A UNIVERSITY of WA chemistry professor has become the first Australian to win a prestigious international prize for his work in uncovering the inner workings of crystalline molecules such as pharmaceutical drugs.
Mark Spackman, head of UWA's School of Chemistry and Biochemistry, has been awarded the Aminoff Prize in Crystallography for designing a new way to visualise how molecules fit together to form crystals.
He developed his theory into a software program that allows other researchers to more easily study crystalline molecules.
Professor Spackman, who first began work this area in 1996, says learning how molecules stick together in the way they do has "ramifications in all sorts of areas" of chemistry.
One example is in pharmaceuticals. The information could be used to help drug companies protect their patents, by showing exactly how drug molecules are arranged when the compounds are in their solid form—the most usual way of delivering drugs.
"To protect their intellectual property, [drug companies] need to know not just what they have, but if there are any other crystalline forms of it," Prof Spackman says.
Not covering their bases in this way could allow a rival company to market a chemically identical drug with a slightly different crystal arrangement.

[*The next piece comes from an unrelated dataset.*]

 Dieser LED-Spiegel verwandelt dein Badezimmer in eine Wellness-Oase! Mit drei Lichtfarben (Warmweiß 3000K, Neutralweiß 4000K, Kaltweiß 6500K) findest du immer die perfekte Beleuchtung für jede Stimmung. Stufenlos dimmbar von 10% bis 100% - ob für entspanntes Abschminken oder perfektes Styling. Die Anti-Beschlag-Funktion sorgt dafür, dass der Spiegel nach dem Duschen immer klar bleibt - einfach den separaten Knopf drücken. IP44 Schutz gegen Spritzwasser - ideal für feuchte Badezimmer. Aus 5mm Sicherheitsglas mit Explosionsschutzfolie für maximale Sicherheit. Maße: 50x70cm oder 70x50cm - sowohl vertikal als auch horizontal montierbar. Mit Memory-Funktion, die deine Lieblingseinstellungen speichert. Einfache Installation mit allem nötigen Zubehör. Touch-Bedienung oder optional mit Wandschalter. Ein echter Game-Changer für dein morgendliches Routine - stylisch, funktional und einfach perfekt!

Chemists deduce a substance's molecular structure by firing beams of X-rays at it - a process called X-ray crystallography. Different molecules scatter the X-rays in different patterns.
Figuring out how those molecules fit together to form larger crystals used to involve poring over charts, tables, and data on the lengths and angles of various atomic bonds.

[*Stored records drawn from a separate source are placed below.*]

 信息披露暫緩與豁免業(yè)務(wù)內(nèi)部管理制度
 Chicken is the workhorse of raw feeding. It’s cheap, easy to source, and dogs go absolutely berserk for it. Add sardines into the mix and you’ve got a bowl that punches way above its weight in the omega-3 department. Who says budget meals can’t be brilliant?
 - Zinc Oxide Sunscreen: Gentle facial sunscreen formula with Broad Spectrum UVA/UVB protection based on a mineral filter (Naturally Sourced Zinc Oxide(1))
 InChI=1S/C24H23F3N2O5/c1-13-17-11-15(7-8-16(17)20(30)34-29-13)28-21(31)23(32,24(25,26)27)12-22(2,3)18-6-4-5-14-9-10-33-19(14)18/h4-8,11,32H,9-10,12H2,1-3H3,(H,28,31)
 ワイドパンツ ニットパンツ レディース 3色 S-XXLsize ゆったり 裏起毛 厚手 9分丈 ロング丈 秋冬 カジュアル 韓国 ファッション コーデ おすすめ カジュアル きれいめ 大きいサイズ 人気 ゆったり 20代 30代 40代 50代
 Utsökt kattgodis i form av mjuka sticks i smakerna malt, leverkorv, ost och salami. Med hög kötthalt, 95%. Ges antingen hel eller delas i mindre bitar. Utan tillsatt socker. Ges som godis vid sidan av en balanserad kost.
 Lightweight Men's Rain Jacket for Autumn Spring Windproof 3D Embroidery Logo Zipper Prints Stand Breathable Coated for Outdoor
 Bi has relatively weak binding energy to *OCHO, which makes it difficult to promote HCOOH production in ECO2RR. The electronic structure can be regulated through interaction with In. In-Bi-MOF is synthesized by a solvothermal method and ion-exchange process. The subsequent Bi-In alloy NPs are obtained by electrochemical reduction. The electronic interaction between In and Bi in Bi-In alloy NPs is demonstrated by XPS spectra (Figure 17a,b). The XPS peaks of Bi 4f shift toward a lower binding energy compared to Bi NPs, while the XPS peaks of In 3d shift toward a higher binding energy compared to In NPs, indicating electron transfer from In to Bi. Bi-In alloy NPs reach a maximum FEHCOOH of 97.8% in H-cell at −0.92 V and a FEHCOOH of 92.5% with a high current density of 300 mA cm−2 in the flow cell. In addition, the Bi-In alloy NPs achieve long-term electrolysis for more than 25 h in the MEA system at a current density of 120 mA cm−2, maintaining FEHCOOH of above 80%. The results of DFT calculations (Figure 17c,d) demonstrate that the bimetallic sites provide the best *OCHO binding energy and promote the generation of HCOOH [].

That's where Prof Spackman's work comes in. Using WA supercomputing provider iVEC’s infrastructure, he developed a software program that takes X-ray crystallography data and spots areas where the electron density is lower—in a sense, the 'gaps' between molecules.
The program, called CrystalExplorer, can then generate a theoretical boundary around each molecule in the crystal matrix—effectively showing where one ends and the next one begins.
Known as the 'Hirshfeld surface', this boundary can be used to visualise how the molecules fit together, rather like looking at how the individual chambers of a honeycomb form a larger pattern.
Prof. Spackman first demonstrated the technique using small, simple crystals such as urea. But it works "all the way from very simple molecules, right up to proteins and enzymes", he says.
The award will be presented by Sweden's King Carl Gustav at a ceremony at the Royal Swedish Academy of Sciences on 5 April 2013.
Prof Spackman will share the 100,000 krona (AU$14,200) prize with Italian researcher Carlo Gatti of the Institute of Molecular Sciences and Technology in Milan, who has made similar strides in interpreting X-ray crystallography.